I checked this out on Fantoma DVD and it includes the alternate “happy” ending insisted on by many markets. That being said…

It is hard to discuss this movie without revealing some major SPOILERS so consider this to be your SPOILER ALERT!

And Corbucci does so masterfully. It is a conflict between the haves and have nots, or the monied and the poor. There are a group of outlaws (their crime is never revealed though the setting lends itself to either exiled Mormons or just starving and poor who try to find food) living in the mountains and the local general store owner and town boss man, Pollicut, has put a price on all of their heads. He has also put a price on the head of the husband of a young black woman whom he wishes to take as his mistress.  Loco shoots him dead and the young widow, Pauline, hires a mute gunman that goes by Silence. He carries an early automatic in the form of a mauser pistol. His gambit is to bait his mark into pulling first and either shooting his thumbs off and daring him to continue or shooting them dead if he is paid to do so. The main thing here is that Silence stays within the bounds of the law and Loco and his bunch of hired hands always make sure their bounty killings are “all according to the law.”

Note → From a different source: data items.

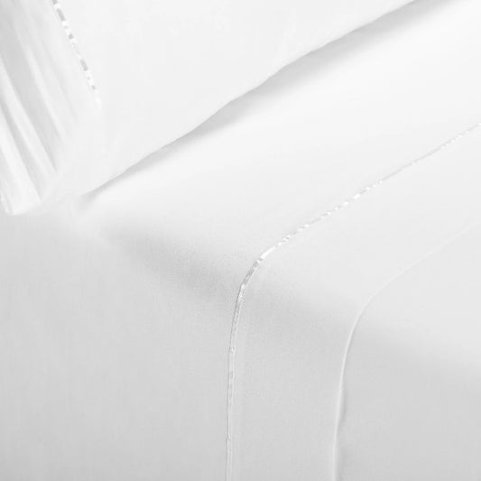 Parure de draps en Coton Blanc avec Bordure Bleu
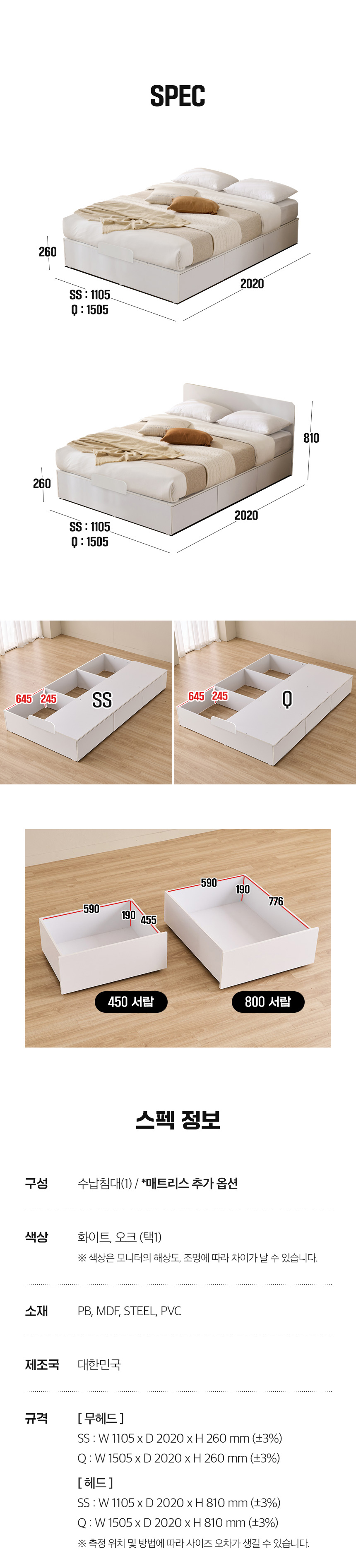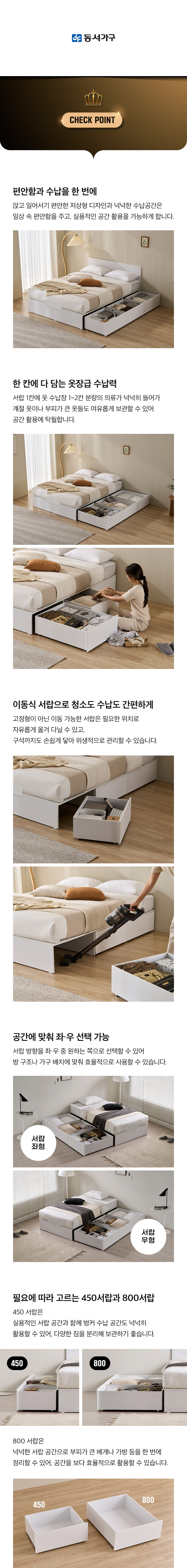 [특가 ~2/9]동서가구 유주얼 450/800 수납침대 SS/Q (헤드, 매트 선택)
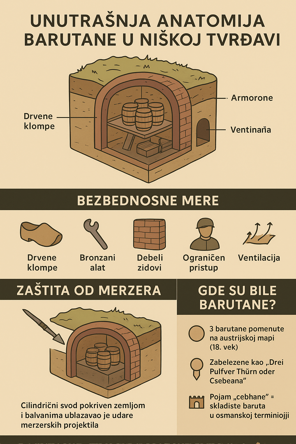 U senama niških bastiona, tamo gde se kameni zidovi uvijaju kao senoviti rukavci vremena, nalaze se barutane — skromne komore koje su vekovima čuvale najopasniju, ali i najdragoceniju supstancu ratova: barut. Njihova prisutnost u tvrđavi nije bila samo tehnički zahtev; ona je određivala ritam vojnih strategija, arhitektonski raspored celog utvrđenja i ravnotežu između moći i katastrofe. U njima se, u najmračnijem kutku tvrđavskog tela, čuvala sila sposobna da odbrani grad, ali i da ga uništi za jedan jedini trenutak neopreza.
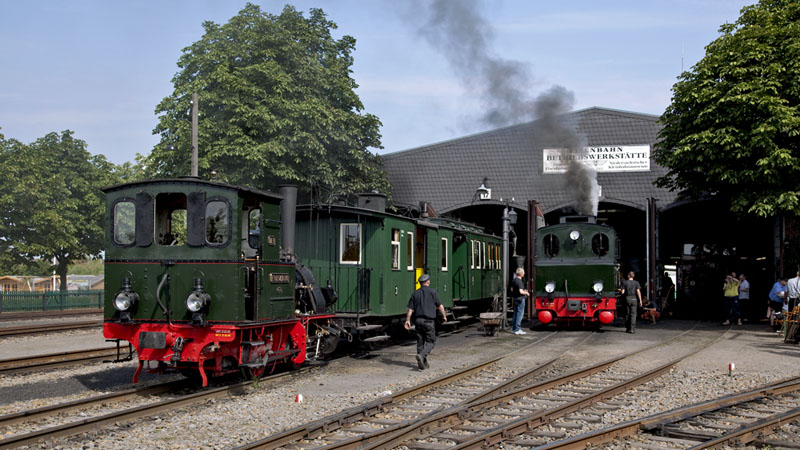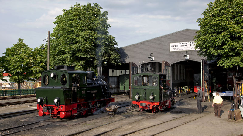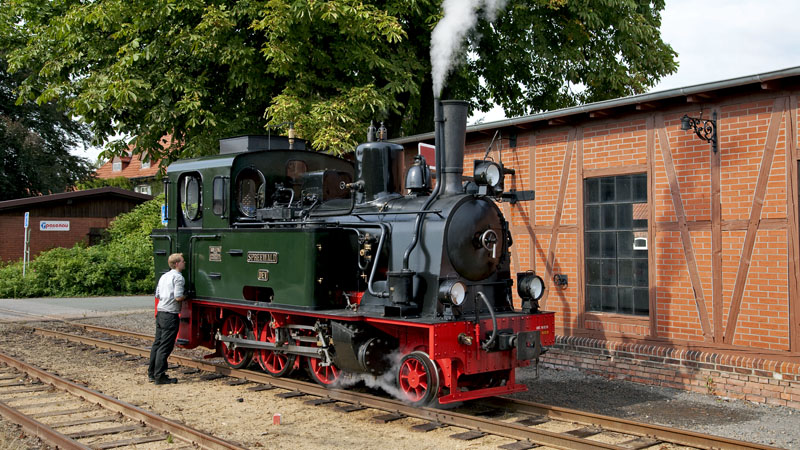 | Vor dem Lokschuppen der DEV standen die Loks "Franzburg" und "Spreewald" – letztere machte ordentlich Dampf. Bruchhausen-Vilsen, 7. August 2010 |
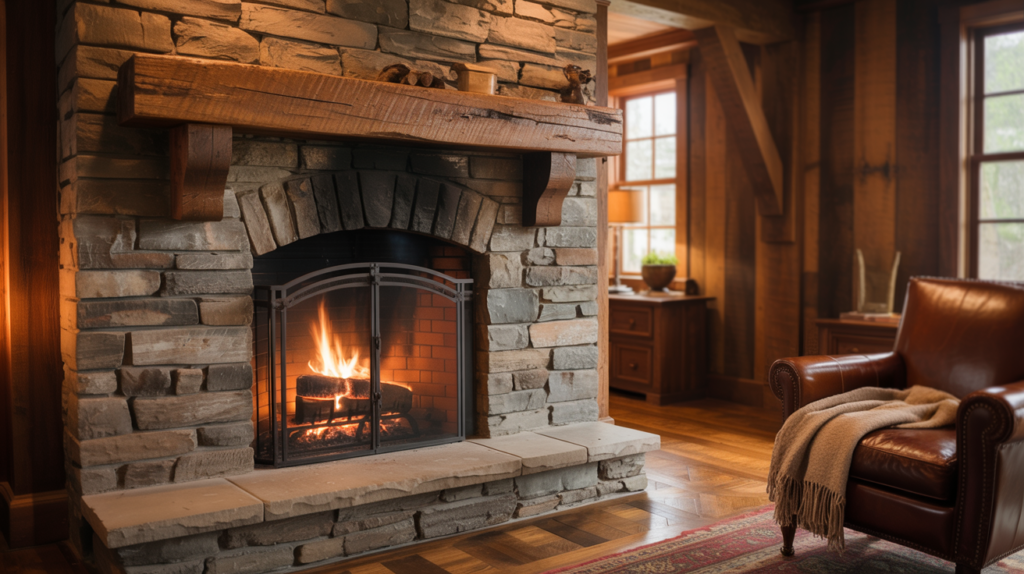 A stone fireplace paired with wood accents can create a rustic and cozy look. Try using reclaimed wood for the mantel or surround to add some warmth and character.
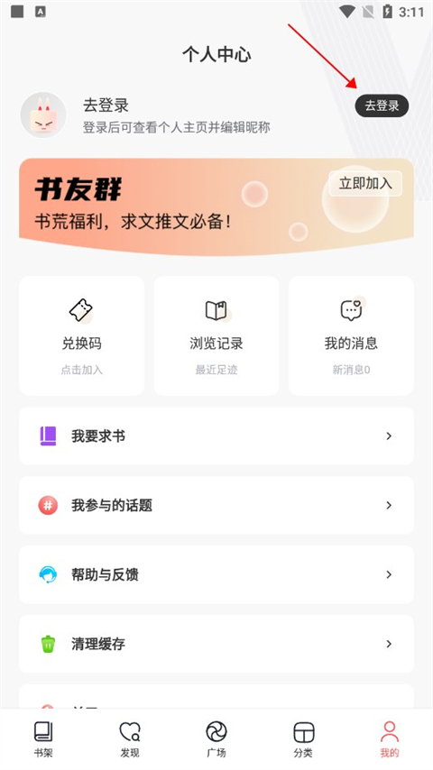 1、进入到软件之后找到我的界面,点击去登录选项。
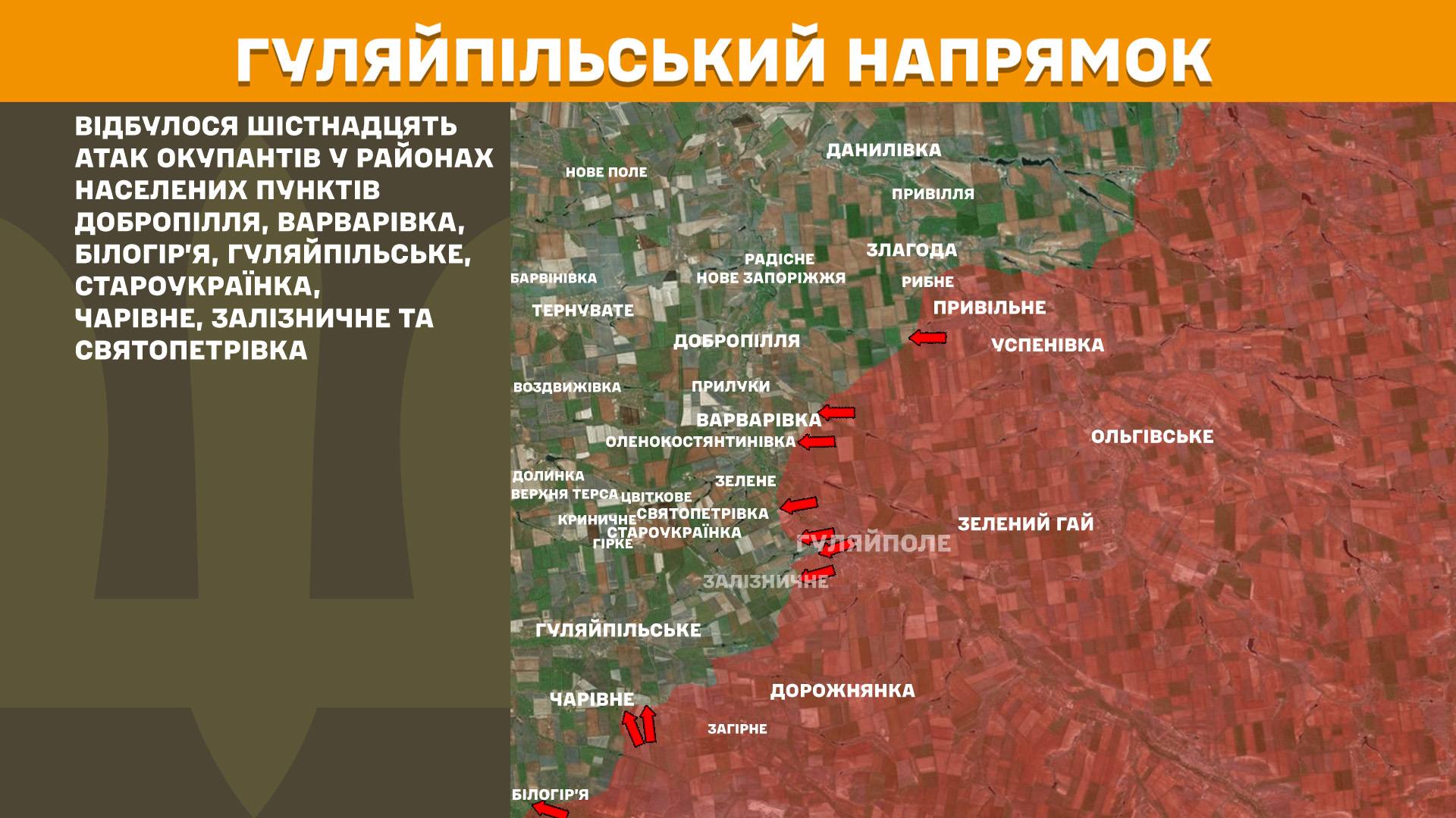 Силы обороны Украины отбросили вражеские подразделения на Гуляйпольском (Запорожская область) и Александровском (стык Запорожской и Днепропетровской областей) направлениях во время контрнаступление, которое началось в первых числах февраля 2026 года. Согласно данным руководителя Центра изучения оккупации Петра Андрющенко, сейчас враг в районе Гуляйполя пытается восполнить огромные потери, понесенные там во время осенне-зимнего наступления.
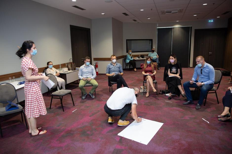 Zaposleni u u stručnoj službi Skupštine Crne Gore razgovaraju o efikasnoj komunikaciji i dobrim tehnikama prezentacije, na radionici koju je organizovala Misija OEBS-a u Crnoj Gori, Podgorica, 27. jul 2021. godine.
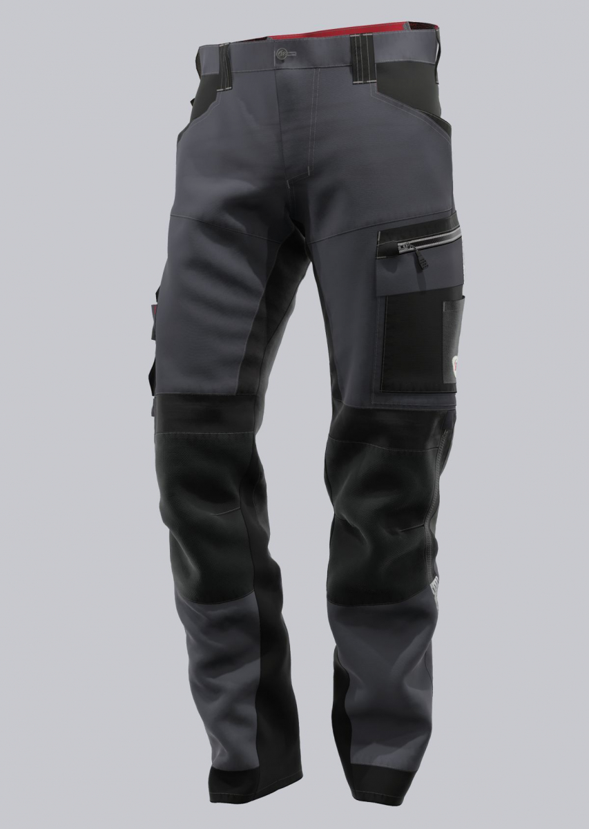 Ein besonderes Highlight sind die Kniepolstertaschen aus strapazierfähigem Cordura® mit Reißverschluss und Belüftungsöffnung, die in Kombination mit den separat erhältlichen BP® Kniepolstern optimalen Knieschutz gemäß EN 14404 gewährleisten. Reflexelemente am Bein und an der Schenkeltasche erhöhen die Sichtbarkeit und damit die Sicherheit bei schlechten Lichtverhältnissen.
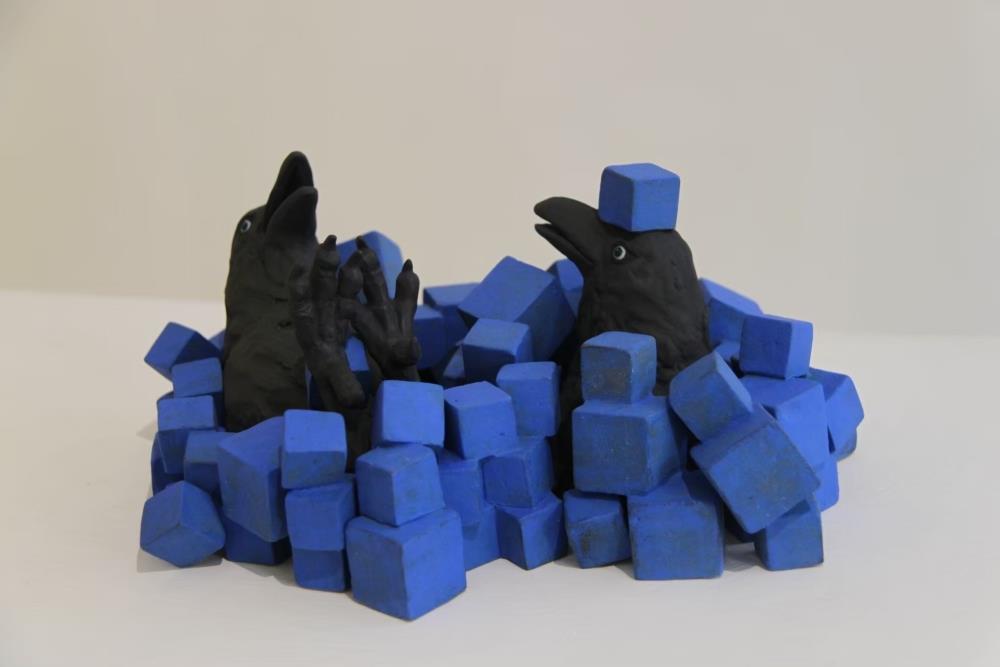 2023年9月8日於臺南深耕多年的藝術複合式空間青青土氣展出的「我仍還沒想好」聯展,參展成員是五位畢業於國立臺南藝術大學應用藝術研究所陶瓷組的同班同學,分別為林佩虹、洪湛筑、林心瑩、周易伯及吳昕恬。求學時期五人的關係就像是RPG遊戲(註4)中角色扮演各司其職,有趣的是,畢業後投身於創作的發展軌跡雖說歧異,但仍舊列屬於陶瓷創作領域範疇,筆者將嘗試以此展的五位藝術家做為引子,嘗試討論當代陶瓷創作者如何應對創作的處境與未來展望,以自身創作來帶出此生態中的不同面向。
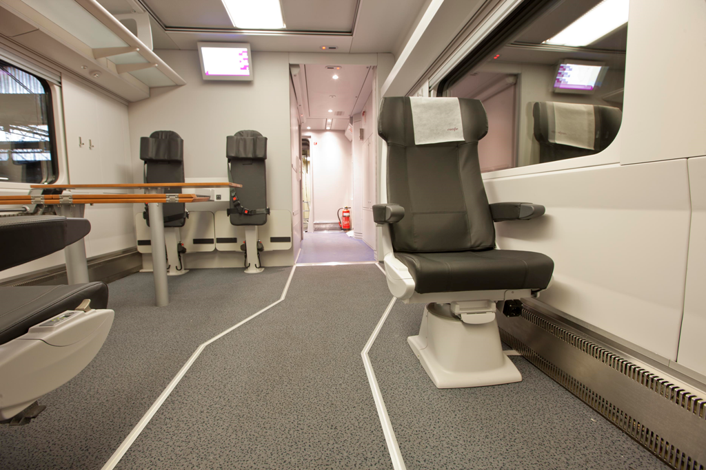 El nuevo coche accesible está concebido para el uso prioritario de personas que viajan en silla de ruedas eléctrica. Cuenta con dos plazas H, asientos específicos que permiten a estos clientes anclar su silla y viajar de forma independiente. Disponen de cinturones de seguridad, apoyos dorsales y cervicales, sistema antivuelco y mesa regulable en altura, entre otros elementos. Asimismo, cuenta con un interfono que permite contactar con el personal de a bordo.

This film is packed with genre talent. Silence is portrayed by the Frenchman Jean-Louis Trintignant; he agreed 

Kinski as the aptly named Loco

to do the part only if he did not have to learn any lines in Italian. Easily enough done. Instead of the typical reticent lead, Corbucci makes him a mute who had his throat cut at a young age. The German born Klaus Kinski fulfills the role of Loco with his usual vigor and intensity. American and Corman veteran Frank Wolff plays the new sheriff who also brings a bit of levity to this dark film. BLACULA co-star Vonetta McGee rounds out the principles as Pauline who hires Silence to stop Loco and his men.  

The stark setting of the snow blasted landscapes lends itself to the feeling of despair the director seeks to build up. This is also the second silence that make up the silence trinity. Is the silence of snowfall the great silence referenced in the title? It is definitely ‘a’ great silence.

Overall this is one of the most nihilistic films I’ve ever seen-and that’s saying a lot (ILSA, LHODES, to name a couple of gems).

Silence is a gunhand of great skill he wipes out rooms full of people as they draw on him. He is built up to be a savior to this group of outcasts and town. That isn’t the case. The message Corbucci reveals is the plight of the poor and their fate at Snow Hill will never be forgotten.  The hint of revolution which underlies this film will creep up more fully in later works. To help illustrate this he is drawn up to be either a Christ-like figure, or perhaps Che Guevara, Silence is a champion of the poor. Like them his hands are destroyed. Christ’s are nailed to a cross and Che’s are severed then sent to Castro after his execution. In a confrontation with Pollicutt, Silence has one hand burned in a stove. This is done as revenge for Silence having shot Pollicutt’s thumb off years before seeking revenge for the murder of his parents. After being beaten and wounded Silence goes to his inevitable showdown with Loco and his men. They are waiting in the saloon with all of the poor outcasts tied up. The end is one of the most jaw dropping scenes that can be found in all of Italy‘s western output-if not in all cinema. It has to be seen to be felt.

Overall the end this is one of the most nihilistic films I’ve ever seen-and that’s saying a lot (ILSA, LHODES, to name a couple of gems).